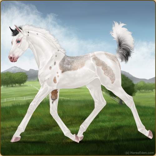 Color: Light Bay Roan Dun Tobiano Splash White Sabino Rabicano Snowflake Appaloosa
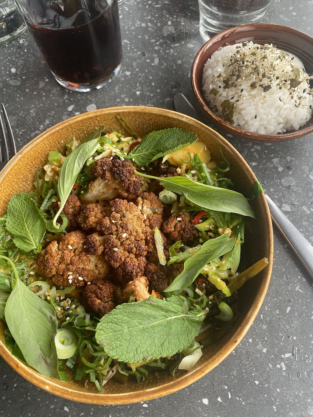 Serves meat, vegan options available. Asian restaurant serving clearly marked vegan dishes. Vegan offer includes tomatoes with tofu crème & crispy rice, cauliflower buns, kimchi, coconut rice, and fried tofu with green curry. Lunch menu always includes one vegan dish such as tofu curry or fried tofu bowl. Open Mon-Thu 11:00-22:00, Fri 11:00-00:00, Sat 13:00-00:00. Closed Sun.
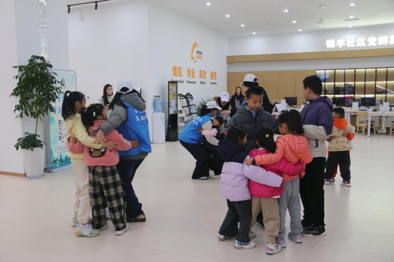 活动伊始,志愿者们身着统一蓝马甲,以暖场破冰环节快速活跃现场氛围。志愿者引导小朋友依次进行自我介绍,帮助孩子们消除陌生感,在互动中快速拉近彼此距离。随后开展“红灯停绿灯行”“数字抱团”趣味游戏,孩子们跟随指令舒展身体、快速抱团,在互动中增进彼此亲近感与团队协作意识,现场秩序井然、氛围热烈。
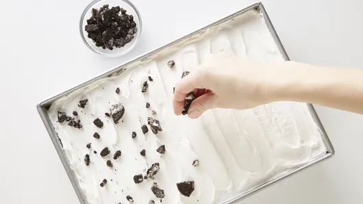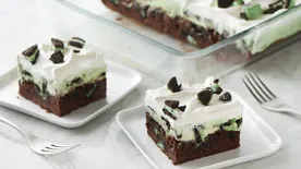 This Oreo dessert is cool, decadent and guaranteed to get chocolate lovers raving. A fudgy brownie layer is topped with a whipped cream cheese layer, crushed Oreo cookies, chocolate pudding and more whipped topping — it'll be your new potluck go-to in no time.
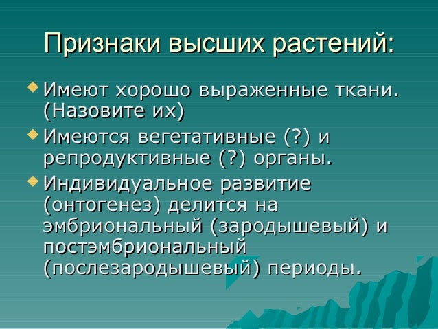 Высшие растения определение, характеристика и признаки

▶ [Assignment] Print out the material word for word, omitting the pictures.

▶ [Output for this exercise]
 Color: Light Bay Roan Dun Tobiano Splash White Sabino Rabicano Snowflake Appaloosa
 Serves meat, vegan options available. Asian restaurant serving clearly marked vegan dishes. Vegan offer includes tomatoes with tofu crème & crispy rice, cauliflower buns, kimchi, coconut rice, and fried tofu with green curry. Lunch menu always includes one vegan dish such as tofu curry or fried tofu bowl. Open Mon-Thu 11:00-22:00, Fri 11:00-00:00, Sat 13:00-00:00. Closed Sun.
 活动伊始,志愿者们身着统一蓝马甲,以暖场破冰环节快速活跃现场氛围。志愿者引导小朋友依次进行自我介绍,帮助孩子们消除陌生感,在互动中快速拉近彼此距离。随后开展“红灯停绿灯行”“数字抱团”趣味游戏,孩子们跟随指令舒展身体、快速抱团,在互动中增进彼此亲近感与团队协作意识,现场秩序井然、氛围热烈。
 This Oreo dessert is cool, decadent and guaranteed to get chocolate lovers raving. A fudgy brownie layer is topped with a whipped cream cheese layer, crushed Oreo cookies, chocolate pudding and more whipped topping — it'll be your new potluck go-to in no time.
 Высшие растения определение, характеристика и признаки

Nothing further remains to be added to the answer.